The grid 130 is made of a metal material, a metal gridding or a carbon nanotube film.

The spacers 140 are configured for supporting and insulating the grid 130 from the emitters 114. A height of a spacer 140 is about 50-1000 microns, a distance between the edges of cathode layer 112 and a spacer 140 is substantially more than 20 microns, and thus a higher voltage can be applied between the grid 130 and the cathode layer 112. The protrusions 142 are formed on the inner sidewall of the spacer 140, which increase the surface distance from the grid 130 to the cathode layer 112. A current leakage can flows along a surface of the spacer 140. Due to the protrusions, a risk for the current leakage from the grid 130 to the cathode layer 112 is reduced. Therefore, the voltage applied between the grid 130 and the cathode layer 112 can be further improved.

Finally, it is to be understood that the embodiments mentioned above are intended to illustrate rather than limit the invention. Variations may be made to the embodiments without departing from the spirit of the invention as claimed. The above-described embodiments illustrate the scope of the invention but do not restrict the scope of the invention.

Claims

1. A field electron emission source comprising: an insulating substrate;a cathode layer deposited on the insulating substrate;a plurality of emitters formed on the cathode layer;at least one spacer arranged on the insulating substrate, and a distance between the cathode layer and the at least one spacer is more than 20 microns;a plurality of protrusions formed on inner sidewalls of the at least one spacer; anda grid spaced apart from the insulating substrate by the at least one spacer, a plurality of through holes defined in the grid corresponding to positions of the emitters, wherein opposite edges of the at least one spacer respectively contact the insulating substrate and the grid.

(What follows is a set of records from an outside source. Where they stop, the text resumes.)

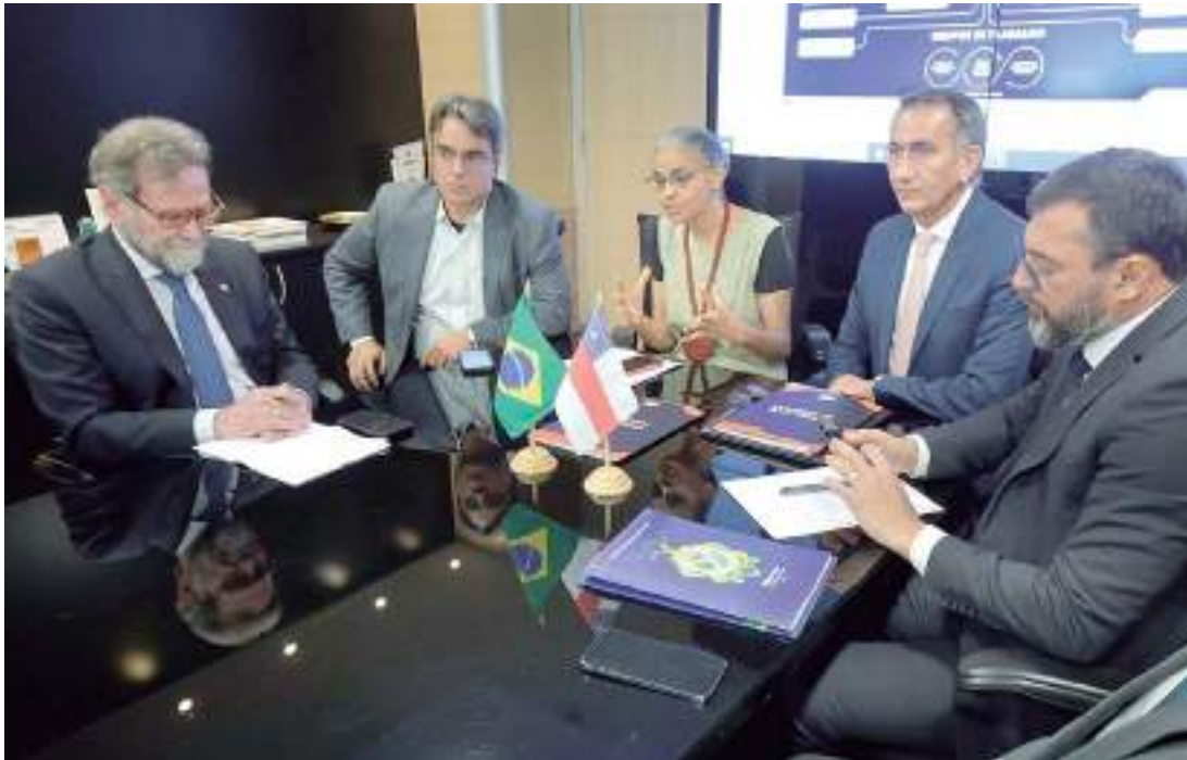
Reunião em Brasília teve presença da ministra Marina Sila e ministro Waldez Góes

“Nós temos três aspectos que são importantes para se levar em consideração nessa questão de estiagem: o primeiro deles é a questão da ajuda huma-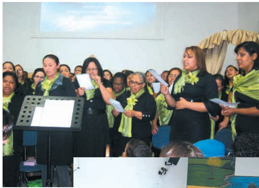
Acima, foto do Grupo de Senhoras louvando a Deus no 36º Congresso. Abaixo, interior do Templo durante o Chá de Mulheres

Que Deus continue abençoando a todos os membros da Congregação da igreja Assembleia de Deus do Jardim Thelma, e que esse empenho para a obra de Deus seja constante.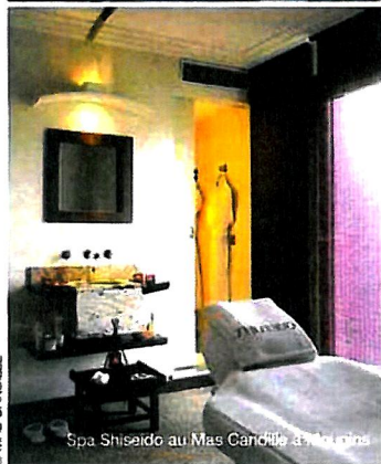
Spa Shiseido au Mas Candille à Mougins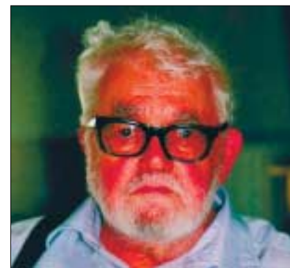
John McCarthy.

Am Montag, 17. Juni 2002 stattete Professor John McCarthy von der Stanford Universität der TU Dresden bereits zum zweiten Mal einen Besuch ab. John McCarthy ist einer der »großen alten Männer« der Informatik, zu der er sowohl theoretische und praktische Beiträge geliefert hat. Insbesondere hat er sich um die Entwicklung der grundlegenden Ideen der »Symbolic Computation« (nichtnumerische Computer-Anwendungen) verdient gemacht. Mit gutem Recht kann er der Begründer der »Künstlichen Intelligenz« (KI) genannt werden, zu deren bedeutendsten Forschern er gehört.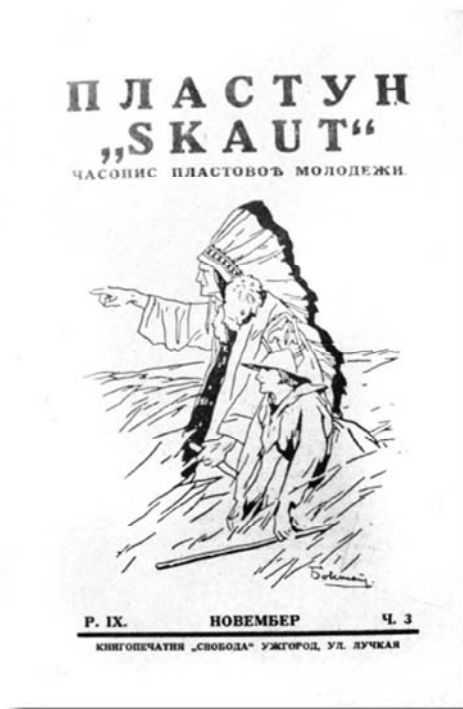
Рис. 7. «Пластун», 1930 г., новембер, рік IX, число 3.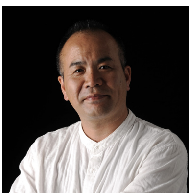
Yasuhiro Yamashita Atelier Tekuto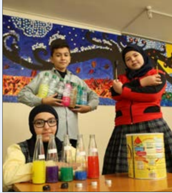
ثلاثة تلامذة خلال الإعداد لجدارياتهم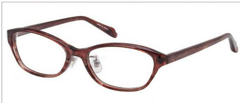
No.3 パープルブラウンササ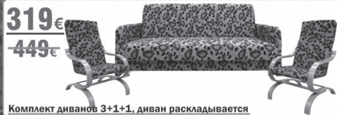
Комплект диванов 3+1+1, диван раскладывается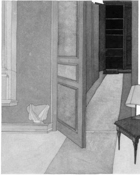
Bénédicte MULLER Monument Lavis d'encre 26 x 36 cm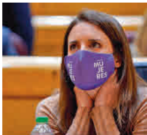
La ministra de Igualdad, Irene Montero

EL PERIÓDICO GENTE NO SE RESPONSABILIZA NI SE IDENTIFICA CON LAS OPINIONES QUE SUS LECTORES Y COLABORADORES EXPONGAN EN SUS CARTAS Y ARTÍCULOS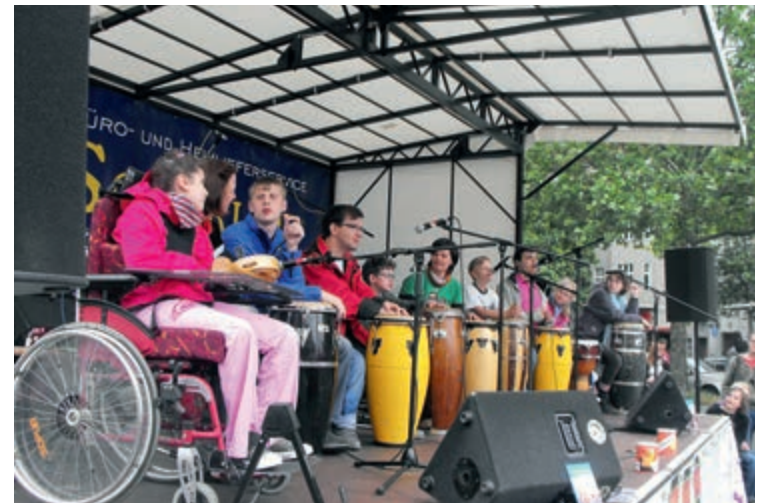
Bühne frei: Die Kifrie-Band „Tumble Weeds“ (o.) und die Trommelgruppe „Maraschicki“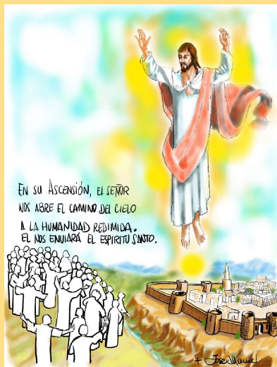
DIBUJO: Mons. Lorca Planes

Y los sacó hasta cerca de Betania y, levantando sus manos, los bendijo. Y mientras los bendecía, se separó de ellos, y fue llevado hacia el cielo. Ellos se postraron ante él y se volvieron a Jerusalén con gran alegría; y estaban siempre en el templo bendiciendo a Dios.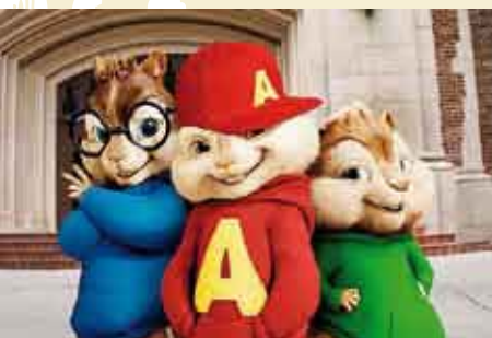
Alvin e os Esquilos 3 | 18 MAR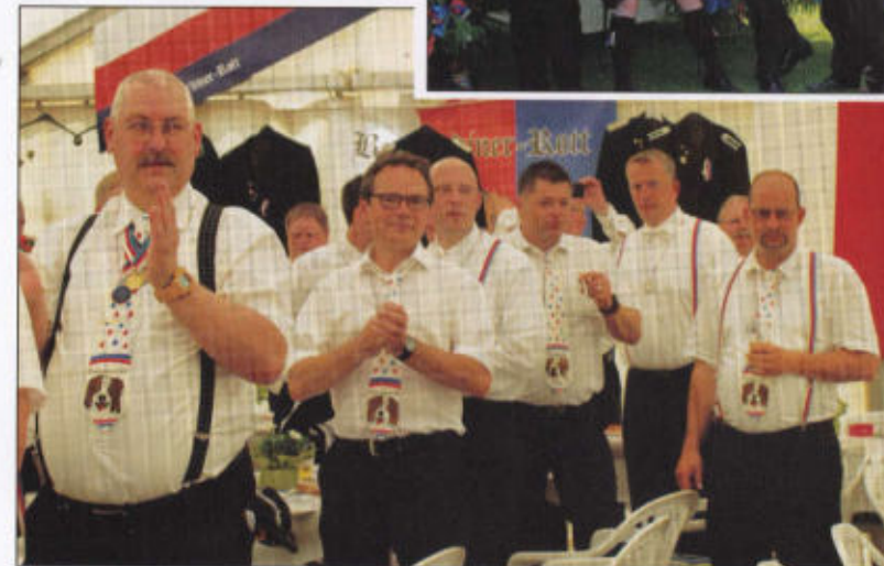
Stimmung im Bernhardiner Rott

2. The field electron emission source as claimed in claim 1, wherein the substrate is made of a material selected from the group consisting of glass, plastic material, and silicon with an insulating layer formed thereon.

3. The field electron emission source as claimed in claim 1, wherein the cathode layer is made of a material selected from the group consisting of gold, silver, copper, chromium, molybdenum, alloys thereof, and heavily doped silicon.

4. The field electron emission source as claimed in claim 1, wherein the emitters are made of a low-work-function material, or a conductor with a low-work function layer deposited thereon.

5. The field electron emission source as claimed in claim 4, wherein the low-work-function material is selected from the group consisting of LaB6, Y2O3, BaO, HfC, ZrC, W—Ba, W—La, and Na—Th.

6. The field electron emission source as claimed in claim 1, wherein the emitters form a micro-tip array.

7. The field electron emission source as claimed in claim 1, wherein a height of the emitters is about 1 micron to 20 microns, and a separation between adjacent tips of the emitters is about the same to the height of the emitters.

8. The field electron emission source as claimed in claim 1, wherein the at least one spacer has a height of about 50 microns to about 1000 microns.

9. The field electron emission source as claimed in claim 1, wherein the at least one spacer is made of an insulating material.

10. The field electron emission source as claimed in claim 9, wherein the at least one spacer is made of poly-methylmethacrylate.

11. The field electron emission source as claimed in claim 1, wherein the grid is a metal gridding or a carbon nanotube film.